The belief that I didn’t have enough faith to overcome the anxiety plagued me every day, every moment. Doubt started creeping in; the enemy’s way of pulling me further into a pit of hopelessness. I knew what I would need to do in order to fight and overcome, I just honestly felt like I couldn’t do it. Simply because I did not have enough faith.

Fast forward about two weeks. I finally opened up to someone about this faith issue. I told her about the anxiety and everything it was doing to me. I told her about the doubt that had been creeping in. And like I had written so many times, I said to her, “I just don’t feel like I have enough faith to fight this.” Without missing a beat, she replied, “but how much faith do we really need?” Immediately, my mind went to the story in the Bible in which Jesus told His disciples that if they had faith as small as a mustard seed, nothing would be impossible for them (Matthew 17:20). Almost with tears in my eyes, I said, “a very small amount.” She nodded and said, “I don’t think it’s so much about the quantity or how much faith we have, but Who we are putting our faith in and how much power and ability He has.”

That conversation was a total game changer for me. The woman I was talking to was not at all saying that it doesn’t matter if we have faith or not. She wasn’t minimizing the importance of having faith. Rather, she was saying that it’s not about us. It’s not about me. I can’t muster up a strong amount of faith on my own. Ephesians 2:8 says this: “For by grace you have been saved through faith. And this is not your own doing; it is the gift of God, not as a result of works, so that no one may boast.” This tells me that my faith is a gift from God. He enables me to have faith. It is not dependent on me. When I feel faithless, He remains faithful (2 Timothy 2:13).

In Mark chapter 9, we read the account of Jesus healing a boy who was demon possessed. This is one of my favorite passages of Scripture because I identify so much with the boy’s father. In verse 22, he tells Jesus what is going on and says, “if you can do anything, have compassion on us and help him.” Jesus answers him and says, “’If you can?’ All things are possible for one who believes.” I absolutely love this next part. The man immediately answers, “I believe; help my unbelief!” What a beautiful demonstration of faith that is weak and imperfect, yet present. I love the way John MacArthur describes this scene in his commentary. He states: “Admitting the imperfection of his faith, mixed with doubt, the desperate father pleaded with Jesus to help him to have the greater faith the Lord demanded of him.”

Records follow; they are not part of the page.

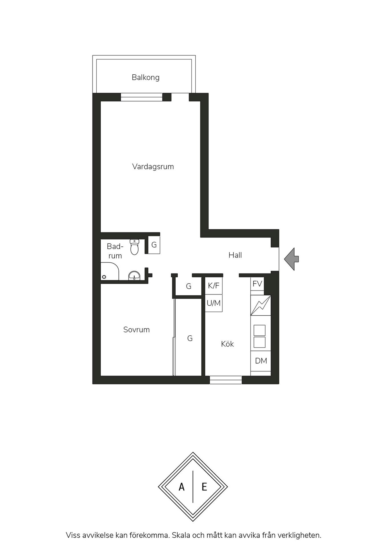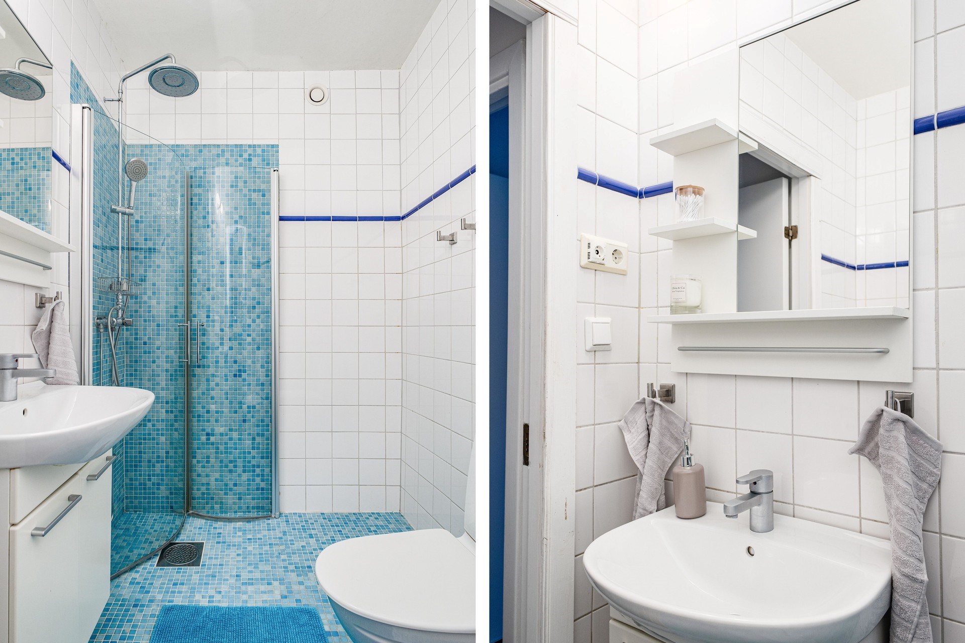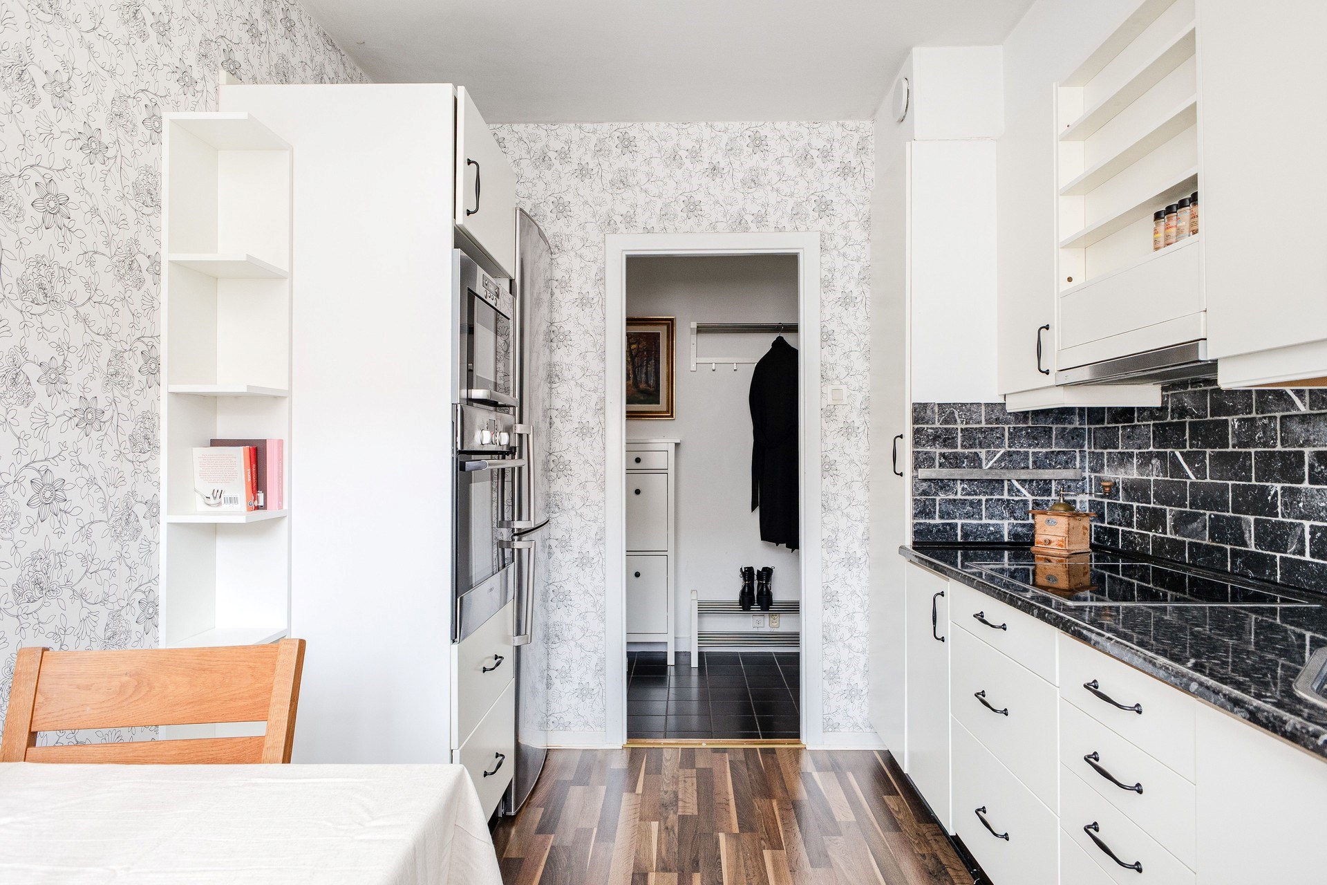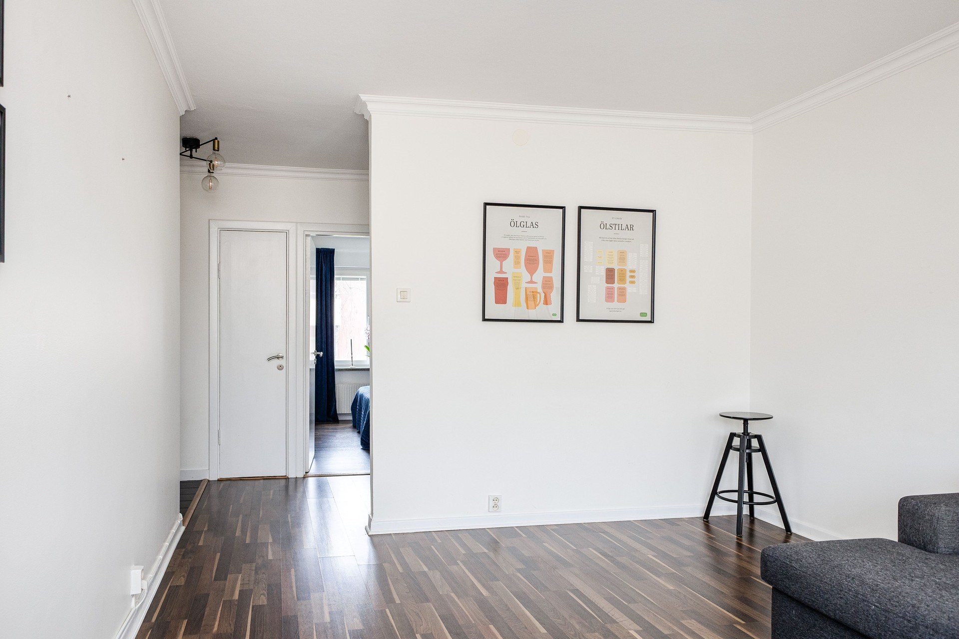Den öppna och ljusa atmosfären märks direkt när du kliver in. Vardagsrummet har plats för både stor soffgrupp och skrivbord, och härifrån nås den härliga balkongen som vetter mot lummig grönska – en perfekt plats för morgonkaffet eller en lugn stund i kvällssolen. Köket erbjuder gott om förvaring och arbetsyta för den som gillar att laga mat, och sovrummet erbjuder gott om plats till stor säng och förvaring genom skjutdörrsgarderob.
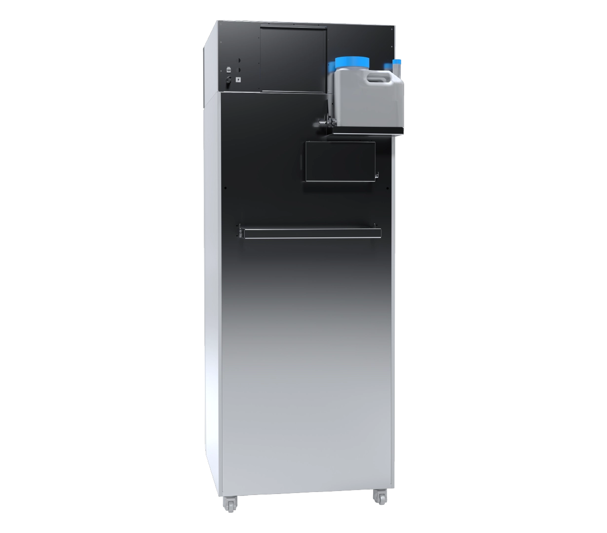 Heavy-Duty Construction The interior is built from acid-proof stainless steel (DIN 1.4301) to handle constant humidity. The double-door system (solid outer door with a lock and an internal glass door) ensures minimal atmospheric disruption during sample inspection. The unit sits on heavy-duty castors with brakes and includes a ?30 mm access port on the left side for external sensors.
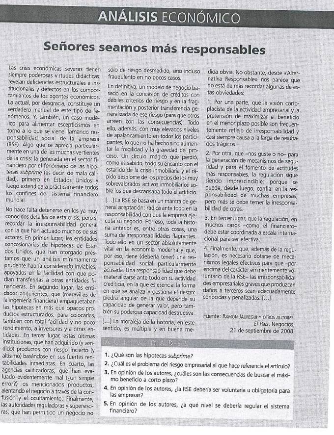 El convencimiento no ha crecido por generación espontánea. Antes ha leído periódicos en los que se dice que la crisis financiera originada en EEUU es la peor desde la Gran Depresión de los años 30. «Entonces debe ser gordo», piensa. Sigue leyendo los diarios y, pese a las crípticas informaciones que vislumbra —«la economía parece tener un lenguaje sólo para entendidos», se dice— consigue hacerse una idea general de lo que ocurre.
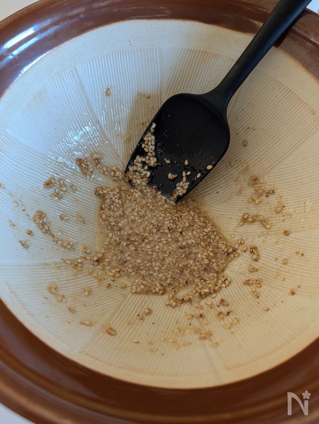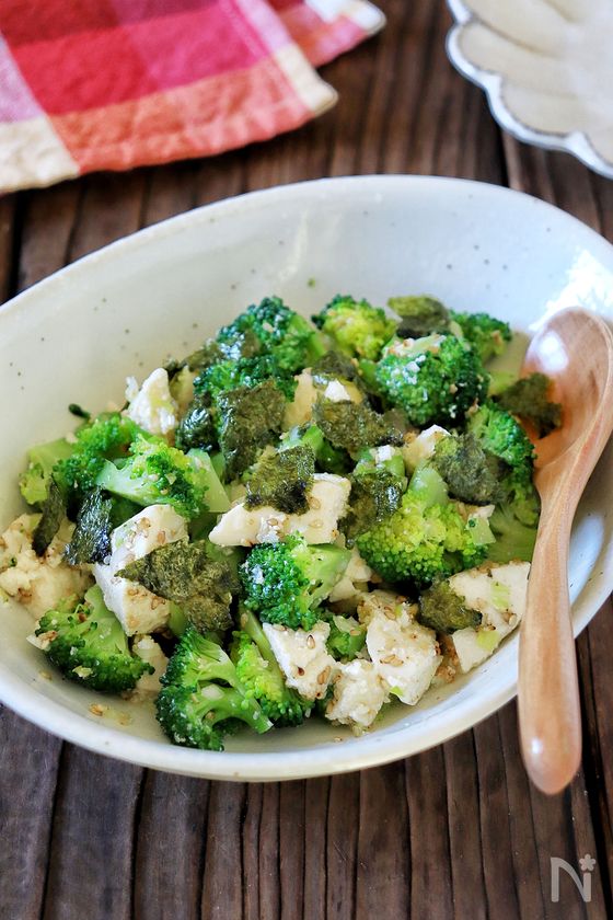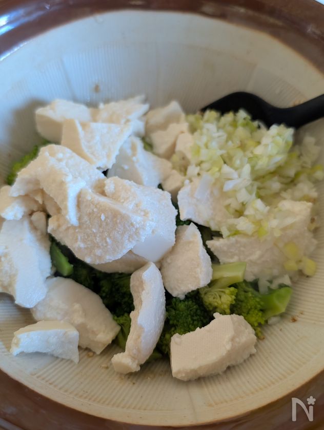 (4) 3と豆腐、ブロッコリー、白ねぎを混ぜ合わせる。豆腐がつぶれないように、さっくりと。
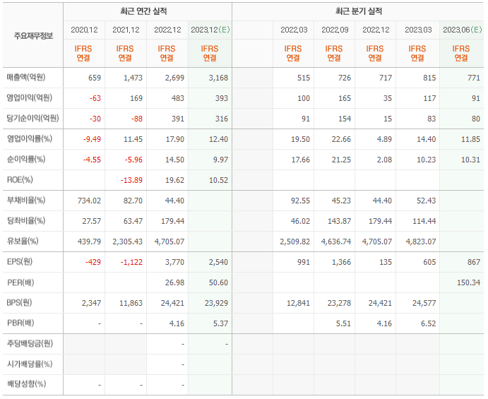 2022년 매출은 2699억, 영업이익은 483억, 당기순이익은 391억입니다. 그리고 영업이익률은 17.90%입니다.
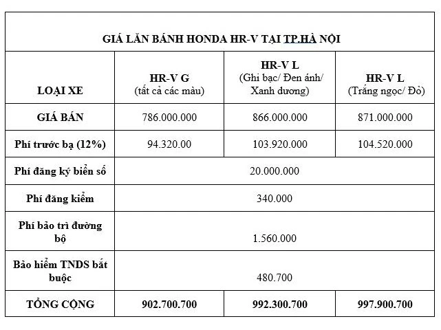 Dưới đây là chi tiết giá lăn bánh Honda HR-V:
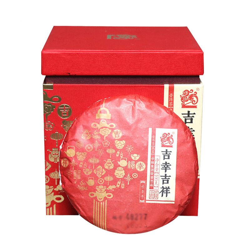 吉幸牌——“吉幸吉祥 普洱茶 熟茶“外盒包装设计精巧雅致,观之如满月盈盈;用料考究上乘,品之如沐春风;中国传统吉祥如意结,寓意喜乐吉祥,包含浓情厚意,是喜庆佳节馈赠、品鉴的心仪尚品。
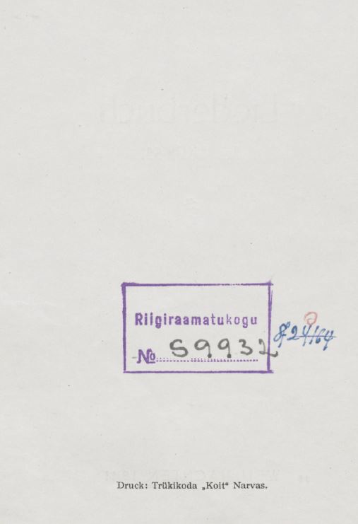 Huh, very interesting. Thanks for additional information, funker. These scans of Liederbuch from 1941 I have also indicate tha same "Koit" printing house. And it has two stamps on it saying "riigiraamatukogu" which translates to state library as I understand.
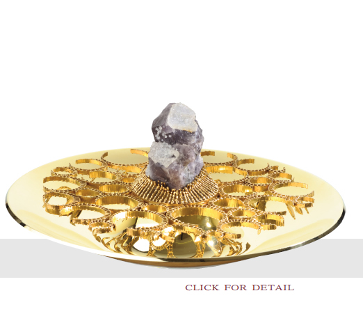 The amethyst finial is unmarked, but is likely to have been made in the year of the bowl which bears the hallmark for 1968. The candleholder finial bears the hallmark for 1969.

Faith is not something we can create on our own. It is a gift from God. It’s okay if sometimes we feel weak, because God can take the small amount of faith we have and make it grow into something great. If we rely on His strength and His grace and don’t try to make it about us, we will see that He is strengthening our faith. My struggle is far from over, and I definitely still have days in which my faith feels weak. However, I have had so much more peace and confidence ever since I began to fully rely on Jesus for the faith that I need. Don’t expect to be perfect. Don’t give the enemy a foothold. Refuse to believe his lies or let doubt creep in. Have faith, no matter how weak you may feel. His strength is more than enough.